Your copy must start with the line containing "ゴルフウェア New Balance" and end with the last line of the entries, matching them exactly and leaving out every picture.

(Items from a data source)
++++++

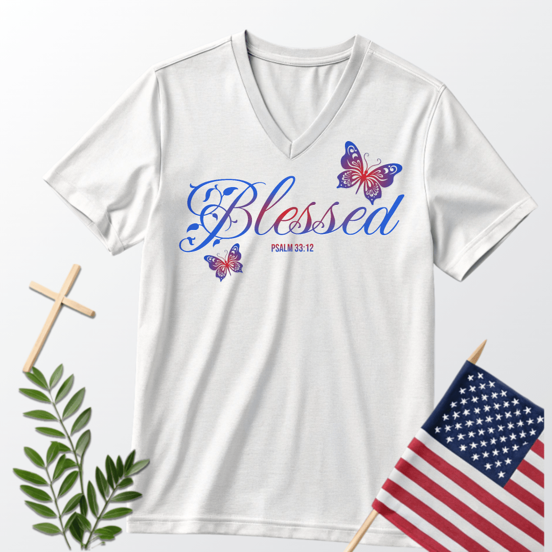 Show your faith and love for freedom with this beautifully designed "Blessed" t-shirt. Featuring an elegant script with red, white, and blue tones, this design is accented by two delicate butterflies that reflect both spiritual grace and patriotic pride. Below the word "Blessed," the powerful verse Psalm 33:12 reminds us: "Blessed is the nation whose God is the Lord."
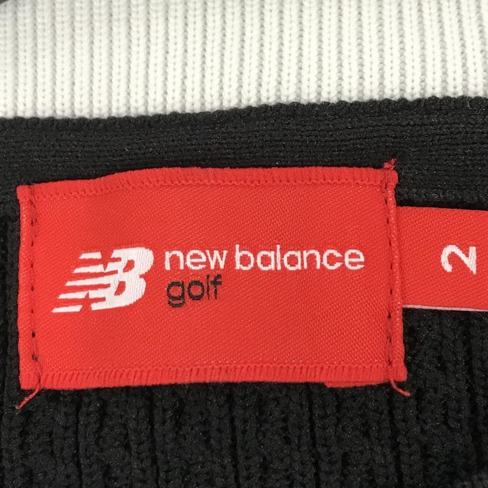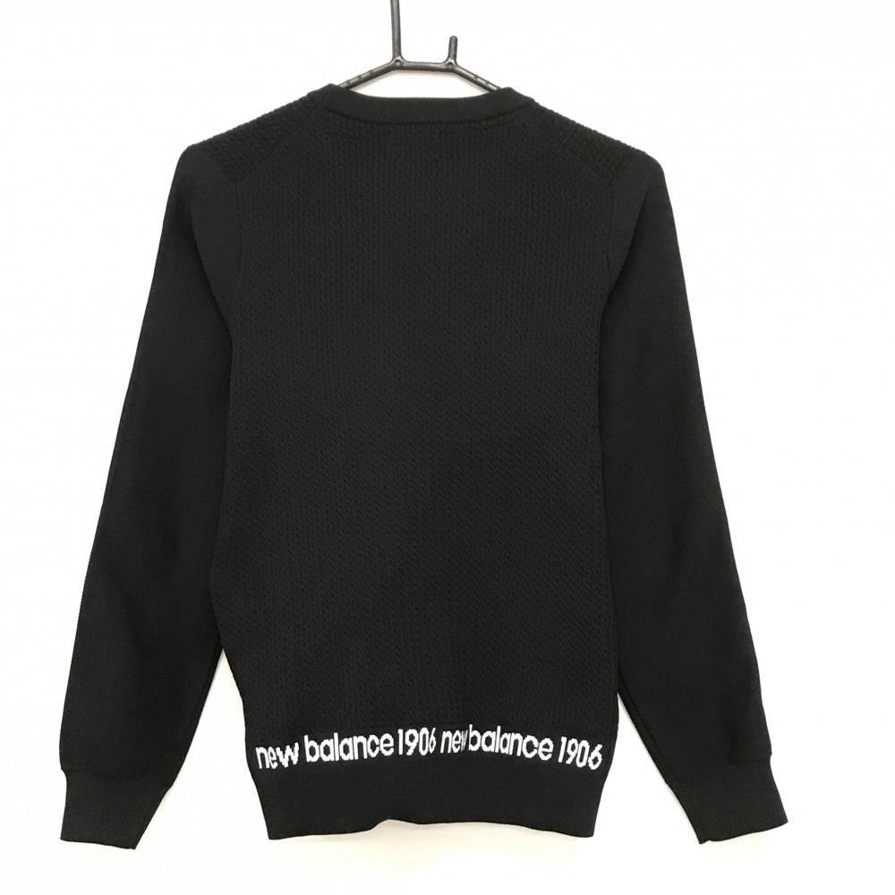 【超美品】ニューバランスゴルフ セーター 黒 身頃立体編み ロゴ白 ニット レディース 2(L) ゴルフウェア New Balance
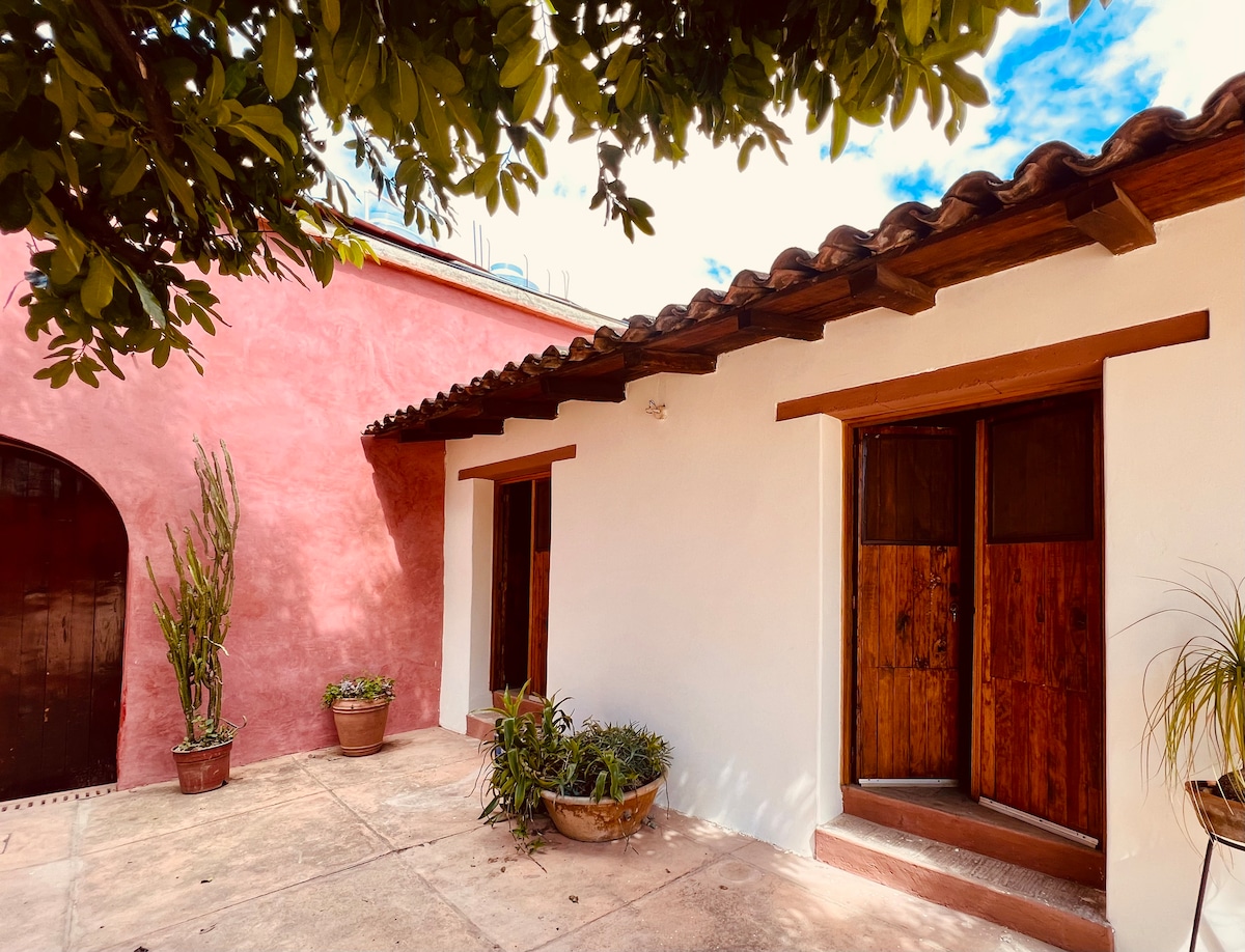 Վայելեք այս հանգիստ, կենտրոնական տան պարզությունը ։ Արտասովոր տեղադրությամբ կարող եք քայլել դեպի քաղաքի կենտրոնում գտնվող լավագույն վայրերը ՝ ջերմ, ընդարձակ վայր, որը լի է լույսով և անկաշկանդությամբ ։ Այստեղ կարող եք հանգստանալ կամ օգտվել ձեզ անհրաժեշտ հանգստության և հարմարավետության հետ աշխատելու համար ։ Այն նայում է գեղեցիկ պարտեզին, որտեղ կարող եք վայելել թռչունների և բույսերի երգը: Ապրեք Oaxaca - ն այս գեղեցիկ վայրից:
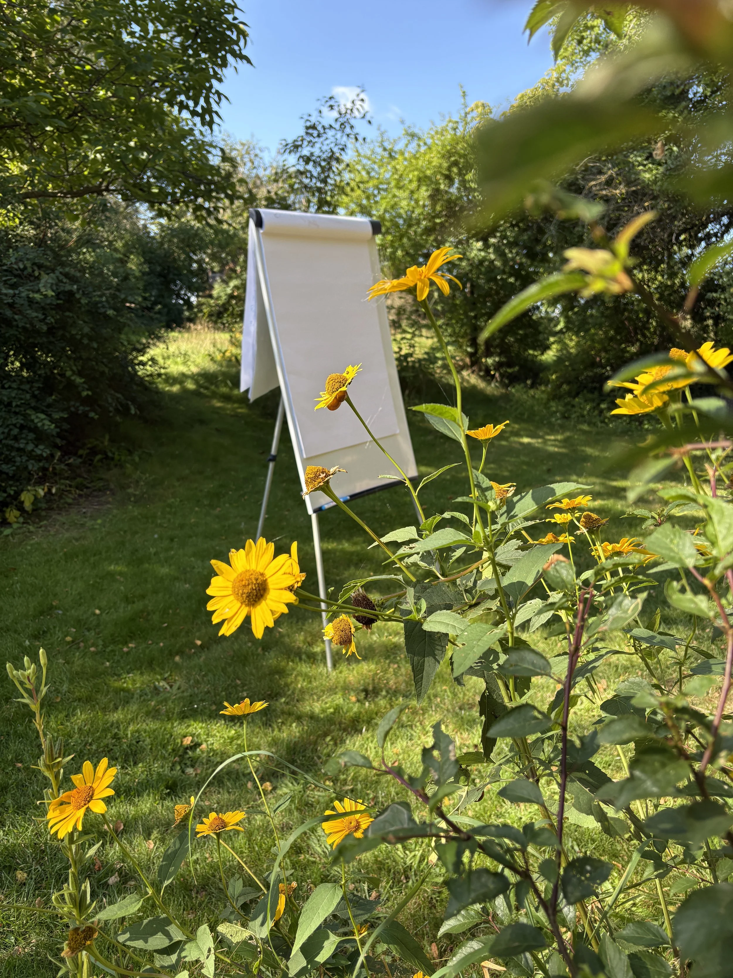 Med pauser i haven under åben himmel.
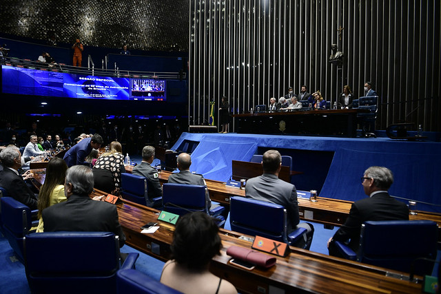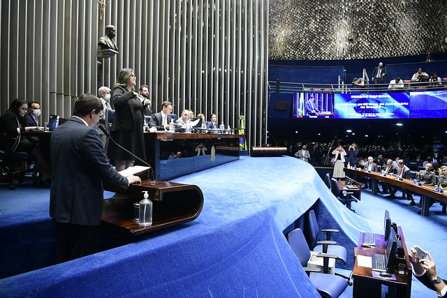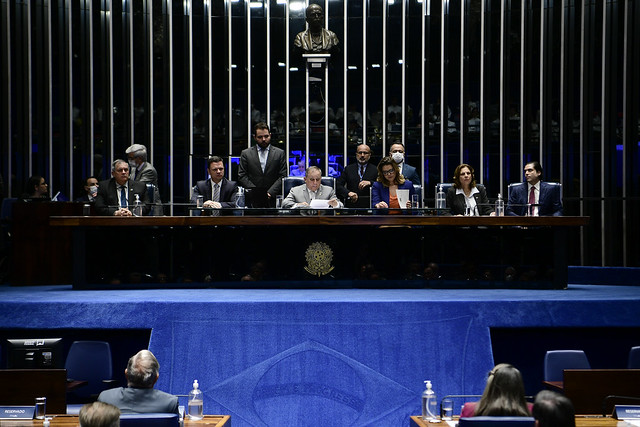 Plenário do Senado Federal durante sessão especial semipresencial destinada a comemorar 62 anos de Brasília. A capital federal foi inaugurada pelo presidente Juscelino Kubitschek em 21 de abril de 1960.

++++++

* **Written solution**
 【超美品】ニューバランスゴルフ セーター 黒 身頃立体編み ロゴ白 ニット レディース 2(L) ゴルフウェア New Balance
 Վայելեք այս հանգիստ, կենտրոնական տան պարզությունը ։ Արտասովոր տեղադրությամբ կարող եք քայլել դեպի քաղաքի կենտրոնում գտնվող լավագույն վայրերը ՝ ջերմ, ընդարձակ վայր, որը լի է լույսով և անկաշկանդությամբ ։ Այստեղ կարող եք հանգստանալ կամ օգտվել ձեզ անհրաժեշտ հանգստության և հարմարավետության հետ աշխատելու համար ։ Այն նայում է գեղեցիկ պարտեզին, որտեղ կարող եք վայելել թռչունների և բույսերի երգը: Ապրեք Oaxaca - ն այս գեղեցիկ վայրից:
 Med pauser i haven under åben himmel.
 Plenário do Senado Federal durante sessão especial semipresencial destinada a comemorar 62 anos de Brasília. A capital federal foi inaugurada pelo presidente Juscelino Kubitschek em 21 de abril de 1960.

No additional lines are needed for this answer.